As someone who tapped out after Season 2, Episode 7 of Severance, I can personally attest that the only thing more galling than waiting years for the next season to arrive is how the show continues to pose more questions than provide answers. As if it’s one big, brain-busting tease, the show continues to go in circles, amounting to little more than a spiral staircase that leads to nowhere. Perhaps that’s the point: to convey the repetitive routine of office work. However, given the maddening tedium, sci-fi lovers should turn to Apple TV’s most riveting series yet.
In the past half-decade or so, Apple TV has emerged as the go-to streaming service for highly captivating hard science fiction. Between the adaptation of Isaac Asimov’s Foundation and the expert world-building in For All Mankind, Apple TV is cornering the market on the most intriguing and cerebrally challenging sci-fi stories. Yet, as fans cling to Severance and wait for a third season to be released sometime in 2027, the best Apple TV sci-fi mystery series returns for Season 3 this July.

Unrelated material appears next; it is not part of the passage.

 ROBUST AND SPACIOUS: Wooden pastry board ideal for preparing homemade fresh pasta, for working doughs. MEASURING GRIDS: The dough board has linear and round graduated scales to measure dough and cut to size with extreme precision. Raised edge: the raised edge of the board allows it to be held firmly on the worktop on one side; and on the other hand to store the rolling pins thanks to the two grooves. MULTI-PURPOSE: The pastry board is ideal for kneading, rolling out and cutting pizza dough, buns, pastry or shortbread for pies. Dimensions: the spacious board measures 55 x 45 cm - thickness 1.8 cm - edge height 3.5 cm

The Vivid World-Building in Apple TV’s ‘Silo’ Eclipses The Books
Based on Hugh Howey’s popular Silo book trilogy (Wool, Shift, Dust), Silo builds its dystopian world even better than its source material. Set in the future, the story follows an Earth that has devolved into a ruinous landscape, forcing the surviving humans to live underground in a massive vertical silo that descends 144 levels. Told that the noxious air will instantly kill them if they venture outside, the 10,000 survivors form a societal hierarchy. The wealthy and privileged enjoy the top levels, and the less fortunate dwell at the bottom.
The story mainly centers around Juliette Nichols (Rebecca Ferguson), a skilled engineer tasked with maintaining the generators at the lowest level of the silo. As she makes alliances and steers clear of enemies, a strict, oppressive environment with harsh rules, regulations, and false narratives is established. These maintain the hierarchy and prevent mutiny among the less fortunate and force Juliette to solve the long-buried secret behind the superstructure.
Beyond the compelling concept, exquisite world-building, and Ferguson’s gripping performance, Silo actually provides enough exposition to keep viewers thoroughly invested. Unlike Severance, whose liminal office space remains nebulous, Silo deepens its mysterious conspiracy when Juliette survives her venture outside the underground structure. Viewers also learn that those who instantly die outdoors don’t do so due to the toxic air, but because their protective suits have been designed with a deadly breach.
What to Expect in ‘Silo’ Season 3
Premiering on Apple TV on July 3, 2026, Season 3 of Silo will inevitably address the Season 2 cliffhanger, in which Juliette was trapped in a blazing incinerator with seemingly no exit. With the latest trailer revealing Juliette’s memory loss and her attempt to regain flickers of her past, Season 3 will also feature a chronological split, and the action will be divided into the post-apocalyptic present and flashbacks to Juliette’s pre-apocalypse life. With a new false narrative brainwashing the inhabitants and an even grander conspiracy coming to light, Season 3 is poised to be Silo‘s most dramatic yet.
Whether you’re starting from the beginning or resuming after Season 2, Silo‘s deeply absorbing mysteries and hard sci-fi world-building are second to none and far more rewarding than the sadistically mystifying Severance. With a 90% Rotten Tomatoes rating and a much faster production schedule that doesn’t leave viewers in the lurch for three years between seasons, Silo continues to help cement Apple TV as the definitive go-to streamer for hard sci-fi that expands upon its source material.